Gerli, amniyotik sıvıdaki hücrelerden mini organların büyümesinin yaklaşık 4 ila 6 hafta sürdüğünü ve bunun, doktorların bulabileceği sorunları düzeltmek için doğum öncesi tedavi için yeterli zaman olduğunu söyledi.
İngiliz ekip, yaklaşımlarının uygulanabilirliğini incelemek için Belçika'daki meslektaşlarıyla birlikte çalışarak, diyaframdaki bir delik nedeniyle karaciğer ve bağırsaklar gibi organların göğsün içine doğru yer değiştirdiği konjenital diyafram fıtığı adı verilen bir rahatsızlığı olan bebeklerin gelişimini inceledi.
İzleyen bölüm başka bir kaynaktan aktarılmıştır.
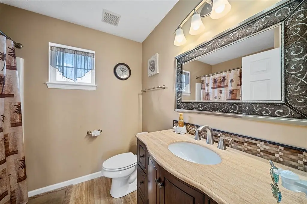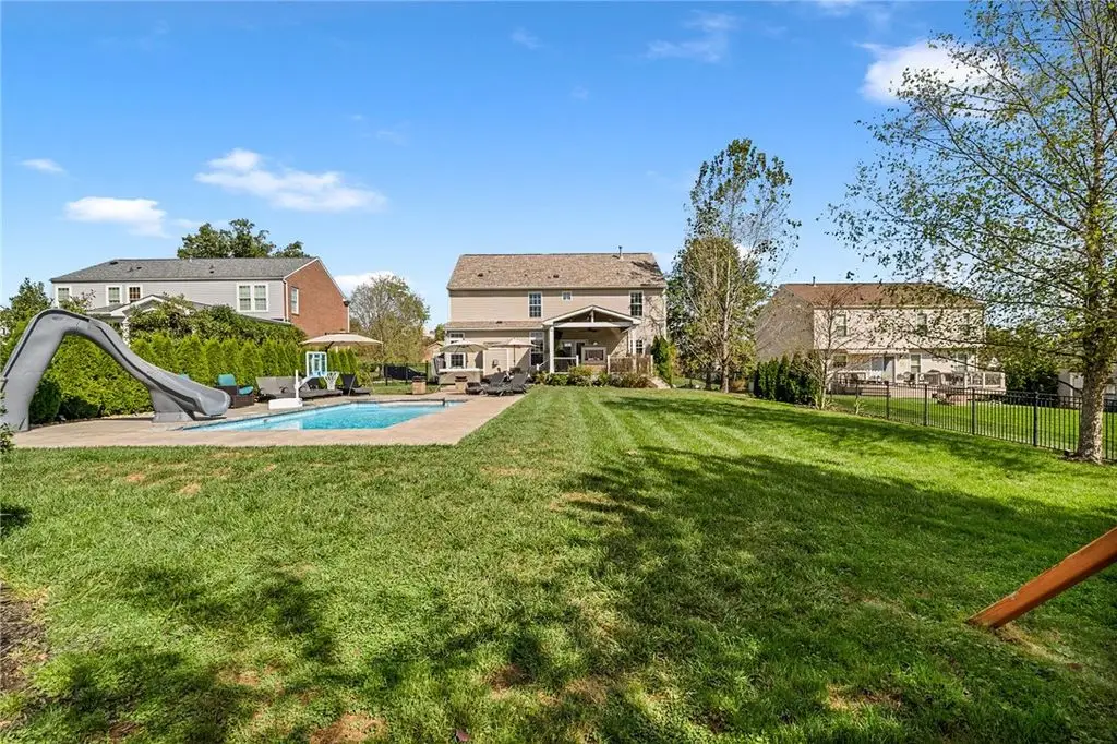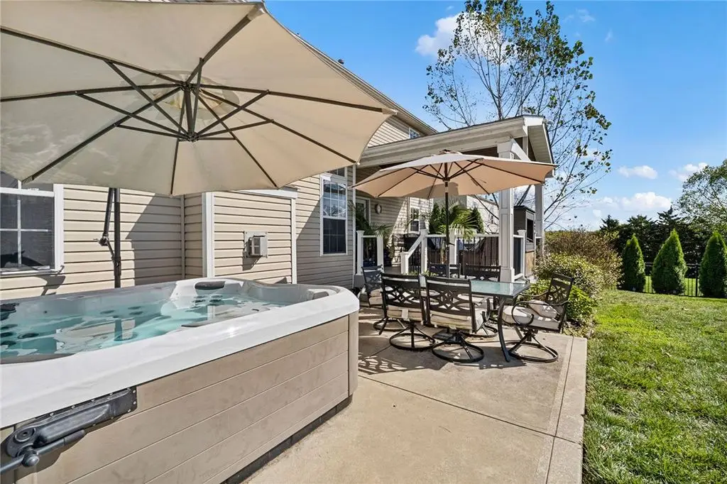 Beautifully updated 4-bed, 2.5-bath home with a finished basement and exceptional outdoor living space. The kitchen features granite counters, stainless appliances, and a casual dining area opening to a covered composite deck - perfect for entertaining or relaxing. Step outside to your private retreat with a large pool with customizable lights and water feature, stamped-concrete patio, year-round hot tub, and privacy trees surrounding the fully fenced backyard. Inside, the formal dining room offers a tray ceiling and oversized bay window, while the finished basement provides flexible space for a home gym, game room, or theater. Two sheds add extra storage for pool gear and tools. The attached two-car garage gives easy access to the kitchen and expands the lower level. Thoughtfully maintained with modern updates throughout, this home delivers comfort, function, and a true resort-style lifestyle just minutes from shopping, dining, and easy access to 910/8/76.

Bu rahatsızlıkta, akciğerler olması gerektiği gibi gelişmiyor ve bu durumdaki fetüslerin yaklaşık yüzde 30'u ölüyor. Doktorlar fıtığı tespit ederlerse, fetüsü henüz anne karnındayken ameliyat edebiliyor.
Araştırmacılar, tedaviden önce ve sonra bu duruma sahip fetüslerin hücrelerinden akciğer organoidleri büyüttüler ve bunları sağlıklı fetüslerden alınan organoidlerle karşılaştırdılar.
Çalışmanın yazarlarından Dr. Paolo de Coppi, bu yöntemi kullanarak etkilenen çocuğun durumunu doğumdan önce değerlendirebildiklerini söyledi.
Coppi, doktorların şu anda ailelere doğum öncesi teşhisin sonucu hakkında fazla bir şey söyleyemediklerini çünkü her vakanın farklı olduğunu söyledi. Coppi, işleyen prenatal miniorganları inceleme becerisinin, daha ayrıntılı bir prognoz ve daha etkili tedaviler için ilk adım olduğunu da sözlerine ekledi.
Kriegstein ise daha fazla araştırmaya ihtiyaç olduğunu söyledi. "Henüz çok erken aşamalarda" diyen Kriegstein "uzun vadede ne kadar faydalı olacağını bekleyip görmemiz gerekecek" ifadelerini ekledi.